Recapitalization — the process of changing a company’s capital structure through the issuance of new debt or equity securities — is a popular way to fund acquisitions, growth strategies, partner buyouts and distributions.
“The successful execution of a business recapitalization relies on a clearly defined investment objective, realistic expectations and a solid operating plan,” says Kevin Coyne, founder and CEO of Canal Holdings LLC, a Cleveland-based junior capital firm serving the lower middle market.
Smart Business Dealmakers spoke with Coyne about the essential components of an effective recapitalization strategy.
Define objectives, set expectations
When considering recapitalization transactions, it is imperative that potential new partners understand the business owner’s true objectives, Coyne says.
“The success of a recap will depend on how well the involved parties communicate, understand and support both the operating objectives of the business and how the new capital structure supports those objectives,” he says.
The two biggest constraints on a business owner are cash and time. The first step in considering a recap strategy should be educational — gaining an understanding of the types of capital available, the cost of that capital and the level of operational support that comes along with the capital.
“Many owners underestimate that the cost of capital includes both monetary/hard costs in terms of interest rates and ownership percentages, but also includes soft items such as performance covenants and reporting requirements,” Coyne says. “An educated owner will be able to identify the right terms and the right partner to meet the needs of their business.”
A key component to identifying the right partner is to understand the amount of support a new investor will provide to help advance the business. A recapitalization partner should have the resources and relationships to assist with operating issues, personnel challenges, senior lender relationships and sales strategies, among other issues.
“We’re operators at Canal,” Coyne says. “Our partners have bought, built and sold many businesses. We think like owners; we act like owners. Preparing for planned — and unplanned — outcomes is a very important part of how we operate.”
The second, and possibly concurrent, step is to clearly define the company’s goals and objectives and how new capital will help achieve those goals. Establishing a robust and flexible plan early in the process will help attract the right investor and contribute to an efficient transaction process.
The third step is to gather market intelligence. Often, many recap conversations begin with a company’s existing senior lender, accounting firm or attorney. Owners need to determine quickly if additional capital from the senior lender is going to be the right fit for the business objectives at hand.
“The senior lender may not be comfortable advancing the necessary capital, or they may not be willing to provide the operational support the company needs,” Coyne says. “If the company’s capital or support needs are greater than a senior lender can provide, owners may then look to traditional private equity to fill the capital need.”
If a private equity firm is looking for too much ownership or control over what’s going to happen in the business after the recapitalization, then traditional private equity may not be the right fit either for an owner who wants to continue to effectuate growth and reap a majority of the rewards of their hard work.
“Canal’s investments lead with a debt component and may include a minority equity stake, providing a nice hybrid of what many owners are looking for in a recap transaction,” Coyne says.
The right structure for the right purpose
“No two transactions are ever alike,” Coyne says. “Every financing that takes place is an individually negotiated transaction that should create a stronger balance sheet post-transaction and make sense to all parties involved.”
Companies with a strong balance sheet are prepared to support current operations, maximize financial performance, survive economic downturns, and be positioned to thrive when the economy gets going again. While debt is typically a less expensive source of financing, owners should be cautious and avoid borrowing too much.
“Debt will benefit the company, and its owners, when times are good,” Coyne says. “But overleveraging can be dangerous when the company, or economy, stalls. Equity financing may be less risky from an owner’s perspective as there are no current payment obligations and the investor has the ability to be a little more patient, but the trade-off is usually giving up more control and the creation of higher return expectations for investors.”
Stay focused on the business
As much time as owners spend on the recap strategy itself, they should also think about life inside the business after the deal gets done.

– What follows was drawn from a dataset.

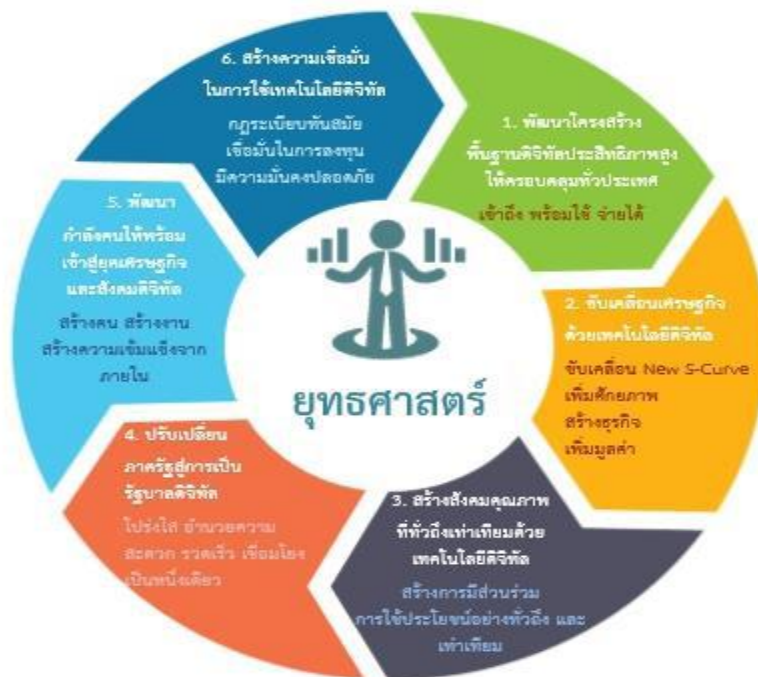
ภาพยุทธศาสตร์การพัฒนา ๖ ด้าน ของแผนพัฒนาดิจิทัลเพื่อเศรษฐกิจและสังคม

“Changing the capital structure of a business is a major event that will change a company’s capabilities and quite possibly the management responsibilities,” Coyne says. “It’s important to keep senior managers focused on their primary sales, production, shipping and collection responsibilities during the process.”
Even if your existing bank provides the financing, it’s a new relationship with new performance expectations.
“The business owner needs to be ready on the other side of the transaction,” Coyne says. “The profile of the business has now changed and you have to make sure that you can stay focused on operating the business. Make sure the change is providing for the positive outcome you sought and that you’re ready to operate the business to meet your new objectives with the new foundation you’ve created by doing the recap.”